Well, for me it means, as I said in a previous post, crafting my career in the model of a public intellectual. Of extending my teaching beyond the walls of the classroom, of writing in a style that appeals to more readers than other academics (not instead of, but in addition to academic writing), of writing in venues besides academic journals and university presses, etc.

So you can imagine my feeling when today in class my professor directly asked the question, "What is the responsibility of the intellectual?" and began to spin this story I just spun about engaging in the project of being a public intellectual in the extremely condensed way I just described only to end by exclaiming, "Hogwash! Don't give me that. Your only responsibility is to think."   

How dare he mock the career trajectory I have been thinking and talking seriously about for a year now! (for indeed, as he himself said, he was mocking on purpose)

But as I listened and thought, I realized something about myself: even as I so strongly value intellectual virtue, even as I take great pleasure in the life of the mind, even as I thirst for knowledge and understanding about any topic imaginable, I had, without realizing it or ever explicitly saying it, formed a binary at the bedrock of my thinking that placed thinking in opposition to "doing the work." Or, if not in direct opposition, then I had defined thinking as necessarily being that which in itself is never enough to qualify as work.

I had become so invested in the materialist concerns of Marxism that I had adopted (ideologically and dogmatically perhaps -- which is ironic, not characteristic of Marxism**, by the way.

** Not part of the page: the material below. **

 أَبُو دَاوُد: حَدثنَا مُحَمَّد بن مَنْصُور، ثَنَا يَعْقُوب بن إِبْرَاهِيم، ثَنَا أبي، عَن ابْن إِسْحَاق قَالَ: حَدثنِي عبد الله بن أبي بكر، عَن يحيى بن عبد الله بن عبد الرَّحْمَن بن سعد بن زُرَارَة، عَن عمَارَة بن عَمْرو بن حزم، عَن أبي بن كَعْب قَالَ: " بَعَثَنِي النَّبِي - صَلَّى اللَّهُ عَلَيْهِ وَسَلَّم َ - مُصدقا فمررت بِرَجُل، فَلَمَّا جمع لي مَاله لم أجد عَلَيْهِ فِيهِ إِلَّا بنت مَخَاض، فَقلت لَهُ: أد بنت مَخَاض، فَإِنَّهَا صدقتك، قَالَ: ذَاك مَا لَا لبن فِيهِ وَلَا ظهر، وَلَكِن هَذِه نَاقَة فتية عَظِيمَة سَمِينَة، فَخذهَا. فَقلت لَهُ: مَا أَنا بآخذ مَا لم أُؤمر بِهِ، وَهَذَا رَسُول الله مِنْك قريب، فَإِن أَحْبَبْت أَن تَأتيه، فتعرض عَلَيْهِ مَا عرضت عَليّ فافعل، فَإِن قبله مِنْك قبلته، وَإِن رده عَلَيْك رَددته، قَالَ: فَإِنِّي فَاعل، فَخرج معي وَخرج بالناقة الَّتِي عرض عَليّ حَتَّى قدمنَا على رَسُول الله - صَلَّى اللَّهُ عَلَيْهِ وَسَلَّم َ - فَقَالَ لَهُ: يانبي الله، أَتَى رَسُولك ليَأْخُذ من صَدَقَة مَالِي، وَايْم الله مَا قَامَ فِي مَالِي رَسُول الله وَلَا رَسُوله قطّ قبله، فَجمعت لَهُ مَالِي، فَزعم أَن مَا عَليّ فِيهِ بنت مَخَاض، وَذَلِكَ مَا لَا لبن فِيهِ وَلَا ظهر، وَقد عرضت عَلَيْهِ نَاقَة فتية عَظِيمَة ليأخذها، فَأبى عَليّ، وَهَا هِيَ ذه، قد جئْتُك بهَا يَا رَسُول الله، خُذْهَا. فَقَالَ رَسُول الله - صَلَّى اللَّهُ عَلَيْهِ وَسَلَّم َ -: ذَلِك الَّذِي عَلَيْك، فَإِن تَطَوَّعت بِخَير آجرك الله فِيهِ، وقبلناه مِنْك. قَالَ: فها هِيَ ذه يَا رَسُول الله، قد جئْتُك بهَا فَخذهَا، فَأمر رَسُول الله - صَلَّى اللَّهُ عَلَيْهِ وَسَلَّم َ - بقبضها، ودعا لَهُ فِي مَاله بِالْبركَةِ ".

But see my second footnote so this parenthetical remark doesn't get even longer) a view of mental work as being insufficiently disconnected from the material. But perhaps this isn't the case. Thinking is work. What was Marx himself after all (well, he said he wasn't a Marxist, to be fair) but a thinker? The project of Marxism is, fundamentally, the realization of Justice (and this is why I am, for all of my problems with some of the particulars of Marxist theory, fundamentally a Marxist). And how do we get to Justice without thinking? Thinking our past, thinking our present, thinking our future? There is no activism without thinking; there is no Justice without thinking. Thinking matters. It is work.

Now, this does not mean I have converted to my professor's dismissive position regarding that whole public intellectual issue. I still want to do all of those things like write for a newspaper as well as for academic journals (an idea he seemed to be particularly vicious towards). But I have been forced to rethink what I think about thinking. And man, is this hard work. 

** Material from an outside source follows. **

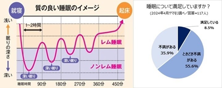 睡眠が十分な状態とは、『レム睡眠とノンレム睡眠の「睡眠サイクル」のバランスが良い状態』を指します(図①)。しかしながら現代人にとって睡眠は大きな課題となっており、睡眠に悩みを感じていると答えた人が約92%におよんでいるのが実態です(図➁)。睡眠が十分でないと日中の活動時間帯の生産効率が低下します。これらのことから、質の良い睡眠が健康的な社会生活を送るために不可欠であるにもかかわらず、昨今の環境下では満たされていない状態であることがわかります。

*(I say "became visible" rather than "began" because it can, I think, be less than ideal to start discussions about when a social movement "began," as if it wasn't an extension of what has already been -- and yet the particulars of our age demand that we begin again as if for the first time (every time), as Derrida says! But I digress...)

**Marx was nothing if not open to self-criticism. He wrote into his own theory the possibility of himself being superseded. Marxism is not merely a dogmatic list of propositions, as so many people (even folks who teach it in their course on Literary Theory) think. It is a way of thinking the world, a way of thinking about one's place in the world and one's responsibility to humanity. And part of that thinking is a commitment to critique everything, including the thinking itself.